§ What needs to be done
From the entries below, please output exactly the lines starting at the one containing "Penandatanganan Perjanjian Kerja" and ending at the one containing "锅中白糖炒至要冒小泡时(拔丝", both included.
(Entries supplied Opens)
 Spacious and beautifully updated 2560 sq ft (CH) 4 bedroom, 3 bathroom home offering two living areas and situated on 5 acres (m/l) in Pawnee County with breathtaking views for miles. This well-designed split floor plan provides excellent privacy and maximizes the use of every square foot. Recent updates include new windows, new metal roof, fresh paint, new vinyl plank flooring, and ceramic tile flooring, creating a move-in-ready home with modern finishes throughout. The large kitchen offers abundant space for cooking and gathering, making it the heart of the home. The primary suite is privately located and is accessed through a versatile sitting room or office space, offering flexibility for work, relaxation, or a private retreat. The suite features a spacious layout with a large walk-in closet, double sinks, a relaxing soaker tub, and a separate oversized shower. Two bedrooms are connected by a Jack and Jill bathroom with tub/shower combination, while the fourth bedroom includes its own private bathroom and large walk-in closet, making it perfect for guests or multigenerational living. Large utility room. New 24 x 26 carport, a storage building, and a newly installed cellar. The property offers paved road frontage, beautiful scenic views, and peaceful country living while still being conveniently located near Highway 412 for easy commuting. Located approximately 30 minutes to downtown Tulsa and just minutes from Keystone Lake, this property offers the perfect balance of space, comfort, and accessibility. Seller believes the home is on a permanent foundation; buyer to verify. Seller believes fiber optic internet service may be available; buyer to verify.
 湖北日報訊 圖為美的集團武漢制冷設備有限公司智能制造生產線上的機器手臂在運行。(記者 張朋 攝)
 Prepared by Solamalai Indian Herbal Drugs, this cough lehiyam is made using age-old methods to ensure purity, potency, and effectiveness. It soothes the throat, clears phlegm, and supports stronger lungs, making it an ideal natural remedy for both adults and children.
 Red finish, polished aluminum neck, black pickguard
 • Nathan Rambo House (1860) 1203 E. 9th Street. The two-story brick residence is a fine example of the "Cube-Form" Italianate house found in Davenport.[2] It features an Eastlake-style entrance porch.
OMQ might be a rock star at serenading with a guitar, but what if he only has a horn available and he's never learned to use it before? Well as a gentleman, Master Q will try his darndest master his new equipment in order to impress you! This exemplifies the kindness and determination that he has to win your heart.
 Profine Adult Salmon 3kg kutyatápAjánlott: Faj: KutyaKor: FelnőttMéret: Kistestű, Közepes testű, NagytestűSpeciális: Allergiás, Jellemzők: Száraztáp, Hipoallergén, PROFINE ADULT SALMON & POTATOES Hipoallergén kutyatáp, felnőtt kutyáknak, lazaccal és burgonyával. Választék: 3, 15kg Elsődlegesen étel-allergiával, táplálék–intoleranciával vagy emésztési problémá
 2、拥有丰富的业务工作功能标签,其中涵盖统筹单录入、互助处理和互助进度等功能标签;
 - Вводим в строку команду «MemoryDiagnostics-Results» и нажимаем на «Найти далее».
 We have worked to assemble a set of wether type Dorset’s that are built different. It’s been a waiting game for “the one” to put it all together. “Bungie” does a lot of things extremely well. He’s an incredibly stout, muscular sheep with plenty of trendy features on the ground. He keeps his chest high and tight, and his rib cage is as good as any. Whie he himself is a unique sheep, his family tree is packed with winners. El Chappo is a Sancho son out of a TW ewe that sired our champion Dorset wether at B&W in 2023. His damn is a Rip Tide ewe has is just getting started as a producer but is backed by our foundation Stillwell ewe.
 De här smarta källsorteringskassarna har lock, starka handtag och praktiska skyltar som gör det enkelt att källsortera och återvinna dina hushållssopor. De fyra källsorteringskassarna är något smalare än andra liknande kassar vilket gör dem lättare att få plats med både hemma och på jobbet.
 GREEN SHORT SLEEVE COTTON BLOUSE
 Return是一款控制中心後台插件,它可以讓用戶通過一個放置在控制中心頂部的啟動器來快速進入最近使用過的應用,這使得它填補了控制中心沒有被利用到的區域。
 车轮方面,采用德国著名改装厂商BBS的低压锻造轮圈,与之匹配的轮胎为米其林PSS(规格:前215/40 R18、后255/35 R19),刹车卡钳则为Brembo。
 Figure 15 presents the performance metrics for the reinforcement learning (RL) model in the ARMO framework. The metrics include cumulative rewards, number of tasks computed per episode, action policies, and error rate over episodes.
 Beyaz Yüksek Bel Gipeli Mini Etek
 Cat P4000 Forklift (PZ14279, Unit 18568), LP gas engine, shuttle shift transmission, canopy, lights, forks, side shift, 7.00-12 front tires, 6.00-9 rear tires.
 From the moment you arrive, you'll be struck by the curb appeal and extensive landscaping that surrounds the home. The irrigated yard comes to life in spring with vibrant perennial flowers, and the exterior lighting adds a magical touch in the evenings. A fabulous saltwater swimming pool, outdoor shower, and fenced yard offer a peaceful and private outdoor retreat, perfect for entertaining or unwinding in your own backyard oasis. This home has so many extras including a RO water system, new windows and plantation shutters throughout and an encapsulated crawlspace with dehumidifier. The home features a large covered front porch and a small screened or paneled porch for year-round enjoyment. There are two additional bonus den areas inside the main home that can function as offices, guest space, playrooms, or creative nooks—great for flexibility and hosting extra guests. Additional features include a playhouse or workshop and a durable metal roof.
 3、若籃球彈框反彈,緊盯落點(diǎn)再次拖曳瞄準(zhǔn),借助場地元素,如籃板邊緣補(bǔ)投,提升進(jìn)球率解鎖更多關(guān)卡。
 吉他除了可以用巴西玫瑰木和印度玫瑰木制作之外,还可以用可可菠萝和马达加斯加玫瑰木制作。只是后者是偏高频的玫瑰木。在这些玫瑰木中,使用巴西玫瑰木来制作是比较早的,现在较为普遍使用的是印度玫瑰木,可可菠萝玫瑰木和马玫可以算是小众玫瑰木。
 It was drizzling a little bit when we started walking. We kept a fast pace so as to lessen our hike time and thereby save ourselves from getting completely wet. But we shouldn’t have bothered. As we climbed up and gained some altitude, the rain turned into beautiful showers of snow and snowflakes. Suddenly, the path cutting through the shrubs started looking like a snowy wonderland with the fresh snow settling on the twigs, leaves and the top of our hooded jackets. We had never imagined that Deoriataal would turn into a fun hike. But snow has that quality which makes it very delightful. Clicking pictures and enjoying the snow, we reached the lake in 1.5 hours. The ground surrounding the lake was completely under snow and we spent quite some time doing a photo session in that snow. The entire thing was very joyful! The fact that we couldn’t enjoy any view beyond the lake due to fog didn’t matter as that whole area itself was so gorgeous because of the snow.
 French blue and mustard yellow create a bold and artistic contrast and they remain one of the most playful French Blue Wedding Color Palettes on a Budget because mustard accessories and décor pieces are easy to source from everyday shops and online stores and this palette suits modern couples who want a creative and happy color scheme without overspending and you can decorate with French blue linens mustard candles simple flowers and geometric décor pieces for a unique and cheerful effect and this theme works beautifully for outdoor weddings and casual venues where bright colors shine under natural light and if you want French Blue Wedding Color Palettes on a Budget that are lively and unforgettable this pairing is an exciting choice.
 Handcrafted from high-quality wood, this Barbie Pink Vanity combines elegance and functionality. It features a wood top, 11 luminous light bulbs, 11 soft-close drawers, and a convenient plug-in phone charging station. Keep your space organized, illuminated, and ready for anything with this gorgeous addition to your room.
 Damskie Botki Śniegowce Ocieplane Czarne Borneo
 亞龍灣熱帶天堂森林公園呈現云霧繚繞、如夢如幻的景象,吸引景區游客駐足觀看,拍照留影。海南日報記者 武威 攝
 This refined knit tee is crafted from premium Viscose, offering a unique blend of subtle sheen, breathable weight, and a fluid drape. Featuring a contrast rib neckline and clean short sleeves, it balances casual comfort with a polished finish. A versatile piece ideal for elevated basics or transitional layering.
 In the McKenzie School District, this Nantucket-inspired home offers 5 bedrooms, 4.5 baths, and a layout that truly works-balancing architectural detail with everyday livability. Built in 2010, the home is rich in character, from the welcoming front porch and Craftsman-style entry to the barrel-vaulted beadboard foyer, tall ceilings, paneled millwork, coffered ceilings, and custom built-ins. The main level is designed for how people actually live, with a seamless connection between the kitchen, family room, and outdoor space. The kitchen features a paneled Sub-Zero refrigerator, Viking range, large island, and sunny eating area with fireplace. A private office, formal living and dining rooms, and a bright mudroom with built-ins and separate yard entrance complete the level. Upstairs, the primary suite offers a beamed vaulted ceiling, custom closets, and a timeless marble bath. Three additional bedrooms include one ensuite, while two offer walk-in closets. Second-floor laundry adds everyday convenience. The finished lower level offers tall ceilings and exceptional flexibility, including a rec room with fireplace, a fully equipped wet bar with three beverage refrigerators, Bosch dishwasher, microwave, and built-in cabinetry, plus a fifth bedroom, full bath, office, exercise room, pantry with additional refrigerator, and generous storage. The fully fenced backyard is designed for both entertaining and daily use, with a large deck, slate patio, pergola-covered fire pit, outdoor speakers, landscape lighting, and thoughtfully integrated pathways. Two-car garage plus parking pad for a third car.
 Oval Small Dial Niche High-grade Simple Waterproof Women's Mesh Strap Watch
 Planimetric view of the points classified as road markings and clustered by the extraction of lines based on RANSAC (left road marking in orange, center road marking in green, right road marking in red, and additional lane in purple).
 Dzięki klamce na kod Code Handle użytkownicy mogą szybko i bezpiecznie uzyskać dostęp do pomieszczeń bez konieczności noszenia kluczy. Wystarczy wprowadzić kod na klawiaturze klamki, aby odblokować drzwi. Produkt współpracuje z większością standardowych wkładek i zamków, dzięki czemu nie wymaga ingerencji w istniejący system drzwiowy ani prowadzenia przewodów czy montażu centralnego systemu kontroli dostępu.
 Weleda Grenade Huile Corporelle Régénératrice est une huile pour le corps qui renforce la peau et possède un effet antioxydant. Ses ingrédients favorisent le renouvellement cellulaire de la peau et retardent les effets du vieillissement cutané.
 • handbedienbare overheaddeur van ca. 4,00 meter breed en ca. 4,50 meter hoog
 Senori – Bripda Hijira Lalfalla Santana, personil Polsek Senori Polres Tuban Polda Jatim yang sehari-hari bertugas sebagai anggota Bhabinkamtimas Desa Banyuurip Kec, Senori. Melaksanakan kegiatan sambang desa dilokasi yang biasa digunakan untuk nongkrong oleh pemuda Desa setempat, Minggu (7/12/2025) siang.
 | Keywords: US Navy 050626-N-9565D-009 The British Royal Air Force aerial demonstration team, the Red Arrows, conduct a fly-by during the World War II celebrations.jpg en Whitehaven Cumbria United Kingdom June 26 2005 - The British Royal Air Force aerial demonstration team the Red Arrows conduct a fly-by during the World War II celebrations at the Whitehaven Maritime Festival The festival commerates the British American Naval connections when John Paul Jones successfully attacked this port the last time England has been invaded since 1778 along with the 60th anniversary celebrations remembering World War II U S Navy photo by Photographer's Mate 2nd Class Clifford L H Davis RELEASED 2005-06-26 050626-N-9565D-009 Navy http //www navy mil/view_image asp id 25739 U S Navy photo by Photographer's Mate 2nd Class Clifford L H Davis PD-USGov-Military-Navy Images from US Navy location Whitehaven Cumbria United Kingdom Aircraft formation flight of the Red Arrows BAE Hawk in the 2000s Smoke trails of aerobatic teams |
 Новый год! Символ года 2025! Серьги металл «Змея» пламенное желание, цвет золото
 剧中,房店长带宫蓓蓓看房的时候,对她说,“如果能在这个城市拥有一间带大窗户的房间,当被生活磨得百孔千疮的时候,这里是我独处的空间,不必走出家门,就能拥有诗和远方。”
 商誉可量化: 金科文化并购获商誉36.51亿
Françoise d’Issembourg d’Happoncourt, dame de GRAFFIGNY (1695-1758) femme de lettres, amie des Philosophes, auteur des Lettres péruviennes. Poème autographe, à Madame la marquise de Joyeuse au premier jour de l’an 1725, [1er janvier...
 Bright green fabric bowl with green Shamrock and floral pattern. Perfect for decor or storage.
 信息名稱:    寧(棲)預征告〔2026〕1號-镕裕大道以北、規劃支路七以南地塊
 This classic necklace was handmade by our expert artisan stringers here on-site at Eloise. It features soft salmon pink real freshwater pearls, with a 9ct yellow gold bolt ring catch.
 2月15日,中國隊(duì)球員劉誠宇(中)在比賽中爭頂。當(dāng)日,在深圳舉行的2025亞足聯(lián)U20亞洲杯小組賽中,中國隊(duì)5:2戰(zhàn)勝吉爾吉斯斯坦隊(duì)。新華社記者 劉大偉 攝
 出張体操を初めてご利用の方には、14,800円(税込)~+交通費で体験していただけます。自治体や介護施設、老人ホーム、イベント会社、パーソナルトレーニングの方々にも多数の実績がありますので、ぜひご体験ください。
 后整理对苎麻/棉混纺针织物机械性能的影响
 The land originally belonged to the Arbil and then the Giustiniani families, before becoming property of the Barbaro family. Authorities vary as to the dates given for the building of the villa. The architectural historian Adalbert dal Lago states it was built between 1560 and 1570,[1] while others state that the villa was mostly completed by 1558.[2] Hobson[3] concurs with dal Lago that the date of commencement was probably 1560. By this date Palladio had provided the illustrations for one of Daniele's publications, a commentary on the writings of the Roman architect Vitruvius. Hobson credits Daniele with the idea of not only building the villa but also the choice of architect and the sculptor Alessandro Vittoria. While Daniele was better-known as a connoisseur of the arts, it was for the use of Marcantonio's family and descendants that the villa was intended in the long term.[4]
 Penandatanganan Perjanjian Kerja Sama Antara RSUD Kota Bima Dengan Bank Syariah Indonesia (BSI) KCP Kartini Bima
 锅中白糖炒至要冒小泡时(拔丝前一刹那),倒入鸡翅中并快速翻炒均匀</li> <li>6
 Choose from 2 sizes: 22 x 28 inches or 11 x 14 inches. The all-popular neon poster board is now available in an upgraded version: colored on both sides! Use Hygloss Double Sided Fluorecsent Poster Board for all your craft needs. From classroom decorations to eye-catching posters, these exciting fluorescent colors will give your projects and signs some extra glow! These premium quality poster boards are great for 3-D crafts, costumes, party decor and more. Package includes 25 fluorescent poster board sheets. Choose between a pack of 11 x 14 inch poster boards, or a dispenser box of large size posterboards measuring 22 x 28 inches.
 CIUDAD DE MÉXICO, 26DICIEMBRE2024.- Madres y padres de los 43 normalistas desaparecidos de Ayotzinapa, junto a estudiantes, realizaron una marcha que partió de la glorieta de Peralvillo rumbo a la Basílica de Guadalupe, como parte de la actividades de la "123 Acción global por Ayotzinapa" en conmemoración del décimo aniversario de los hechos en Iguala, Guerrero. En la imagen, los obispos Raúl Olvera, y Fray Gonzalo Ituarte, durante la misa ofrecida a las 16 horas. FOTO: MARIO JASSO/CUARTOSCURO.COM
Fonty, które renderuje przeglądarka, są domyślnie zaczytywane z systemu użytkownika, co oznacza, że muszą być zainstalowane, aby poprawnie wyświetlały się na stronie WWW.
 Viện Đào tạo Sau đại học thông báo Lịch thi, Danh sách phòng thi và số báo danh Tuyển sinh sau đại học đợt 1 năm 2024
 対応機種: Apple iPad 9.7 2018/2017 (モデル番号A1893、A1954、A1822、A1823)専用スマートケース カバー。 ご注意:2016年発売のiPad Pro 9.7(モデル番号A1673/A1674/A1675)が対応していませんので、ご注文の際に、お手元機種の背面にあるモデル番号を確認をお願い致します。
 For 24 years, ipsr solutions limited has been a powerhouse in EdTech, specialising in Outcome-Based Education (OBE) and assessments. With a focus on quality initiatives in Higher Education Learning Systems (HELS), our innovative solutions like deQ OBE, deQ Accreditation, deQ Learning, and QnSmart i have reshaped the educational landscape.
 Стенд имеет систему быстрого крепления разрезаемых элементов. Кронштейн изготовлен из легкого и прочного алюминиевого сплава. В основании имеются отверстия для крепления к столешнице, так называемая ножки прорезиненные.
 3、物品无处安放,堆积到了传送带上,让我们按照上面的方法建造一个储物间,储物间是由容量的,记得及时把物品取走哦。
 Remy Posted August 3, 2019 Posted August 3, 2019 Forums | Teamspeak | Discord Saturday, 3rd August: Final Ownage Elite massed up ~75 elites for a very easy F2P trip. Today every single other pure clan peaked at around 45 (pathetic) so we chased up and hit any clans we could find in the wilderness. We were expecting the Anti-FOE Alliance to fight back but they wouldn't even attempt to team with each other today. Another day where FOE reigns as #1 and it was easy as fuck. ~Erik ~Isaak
(Entries supplied Closes)
§ Task output
 Penandatanganan Perjanjian Kerja Sama Antara RSUD Kota Bima Dengan Bank Syariah Indonesia (BSI) KCP Kartini Bima
 锅中白糖炒至要冒小泡时(拔丝前一刹那),倒入鸡翅中并快速翻炒均匀</li> <li>6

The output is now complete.